Volume of Information
Finally, the volume of available information is large and continually changing. Therefore, extracting information about references to entities from a plurality of electronic documents would need to be automated. Manual training, setup, and refinement may be used, but regular, repeated processing must be automatic, requiring no manual intervention. The large volume of new and unstructured electronic documents being produced via computer systems demands an automated approach. Credible estimates of global information production (in the form of electronic documents) commonly conclude that the production of accessible electronic information in electronic documents now far outstrips manual methods of reading and tracking the information in the documents. For example, the Internet provides access to over 8 billion pages, or electronic documents, of information, and an estimated 50+ million new pages of information daily. Also, some news and trade journal services provide access to approximately 100,000 new electronic documents every week. Such services provide access not only to official or corporate sources but also to personal on-line journals (i.e., blogs), personal web pages on the Web, and on-line discussion forums. As a result, accessible electronic information now reflects social and political trends, consumer interests, reactions to products, and company reputation. In addition, since many consumers use the Internet doing product research, the information on the Internet becomes, for some consumers, the most influential source of product information, regardless of the accuracy of the information.
Prior Art Systems
Currently, prior art methods and systems of extracting information about references to entities from a plurality of electronic documents fail to address this need and fail to meet these challenges. Several prior art systems include systems offered by Intelliseek, Inc. (Please see http://www.intelliseek.com.) and ClearForest Corporation (Please see http://www.clearforest.com.). In a first prior art system, as shown in prior art
Therefore, a method and system of extracting information about references to entities from a plurality of electronic documents is needed.
SUMMARY OF THE INVENTIONThe present invention provides a method and system of extracting information about references to entities from a plurality of electronic documents. In an exemplary embodiment, the method and system include (1) applying at least one document quality measure to each of the plurality of electronic documents, (2) recognizing the references to entities in the plurality of electronic documents, (3) using at least one reference quality measure for each of the references to entities, (4) computing at least one topical category associated with each of the references to entities, (5) finding at least one co-occurring term associated with each of the references to entities, and (6) characterizing each of the references to entities by at least one characteristic category.
In an exemplary embodiment, the applying includes assigning at least one quality score to each of the plurality of electronic documents. In a specific embodiment, the assigning includes assigning the quality score based on the source of the electronic document. In a specific embodiment, the assigning includes assigning the quality score based on the amount of text in the electronic document. In a specific embodiment, the assigning includes assigning the quality score based on whether the electronic document is a duplicate of other electronic documents in the plurality of electronic documents. In a specific embodiment, the assigning includes assigning the quality score based on whether the electronic document is a near duplicate of other electronic documents in the plurality of electronic documents. In a specific embodiment, the assigning includes assigning the quality score based on whether the electronic document contains unwanted text.

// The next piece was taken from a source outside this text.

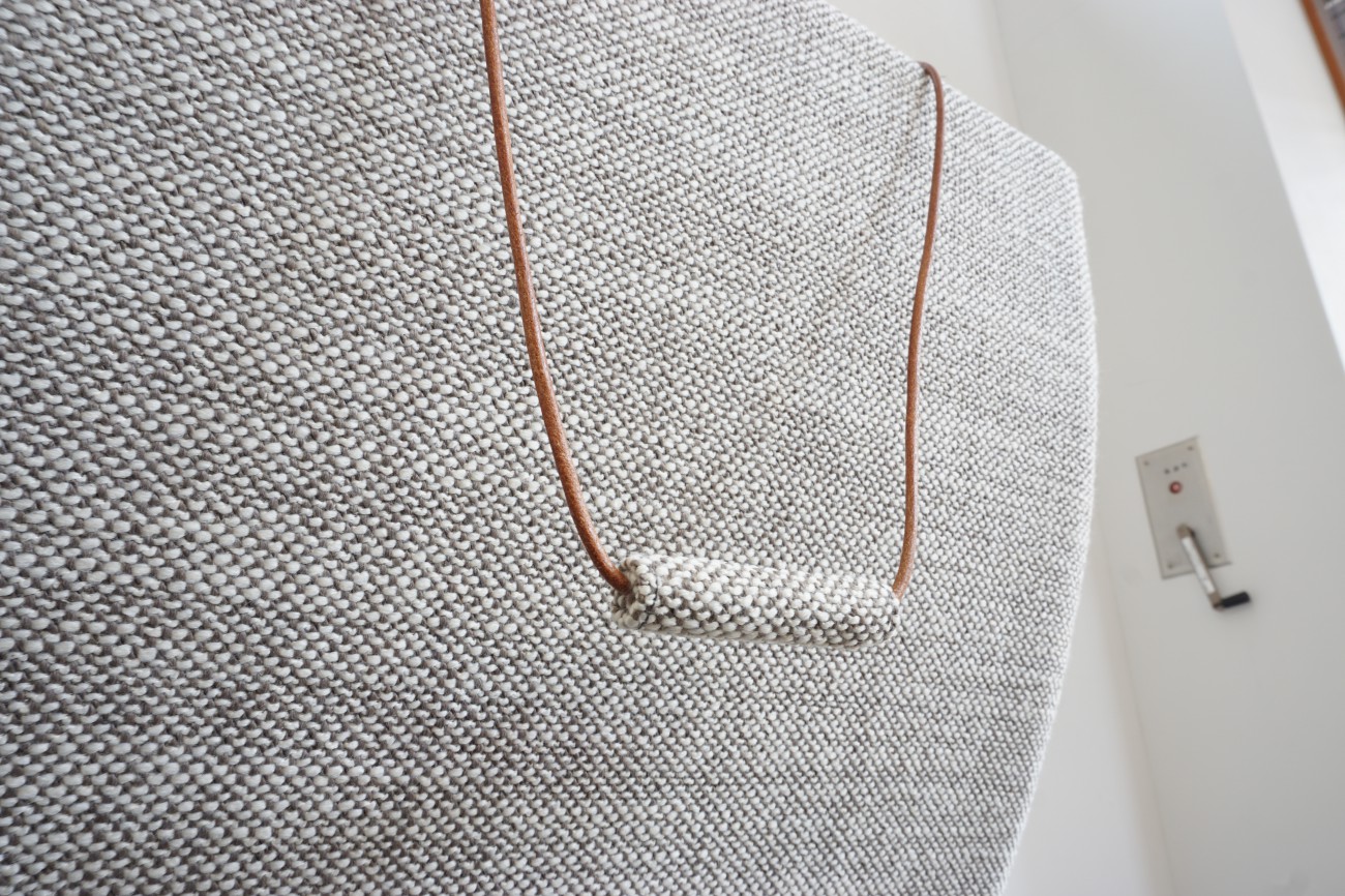縦横で異なるカラーをミックスさせたベージュ系の生地でランダムに太さを変えたりウェーブしていたりとリズミカルで素材感を楽しめる生地です。

In a specific embodiment, the assigning includes assigning the quality score based on the rank of the electronic document, where the rank is selected from the group consisting of pagerank, hostrank, and eyeball count. In a further embodiment, the assigning includes, if the quality score of the electronic document is less than a threshold, eliminating the electronic document.
In an exemplary embodiment, the recognizing includes identifying candidate references to entities in the plurality of electronic documents from a set of entity names. In a specific embodiment, the identifying includes identifying the candidate references to entities by an identifying technique, wherein the identifying technique is selected from the group consisting of direct spotting, index-based retrieval, and named entity recognition. In a further embodiment, the identifying further includes disambiguating the candidate references to entities, thereby identifying the references to entities.
In an exemplary embodiment, the using includes assigning at least one quality score to each of the references to entities. In a specific embodiment, the assigning includes assigning the quality score based on whether the snippet of text in which the reference to entities occurs is unique. In a specific embodiment, the assigning includes assigning the quality score based on the running text quality of the reference to entities. In a specific embodiment, the assigning includes assigning the quality score based on whether the snippet of text in which the reference to entities occurs can be parsed by natural language parsing to yield a subject and a verb. In a specific embodiment, the assigning includes assigning the quality score based on whether the snippet of text in which the reference to entities occurs can be parsed by natural language parsing to yield a valid sentence. In a specific embodiment, the assigning includes assigning the quality score based on whether the snippet of text in which the reference to entities occurs satisfies a set of heuristic rules based on the textual properties of the snippet.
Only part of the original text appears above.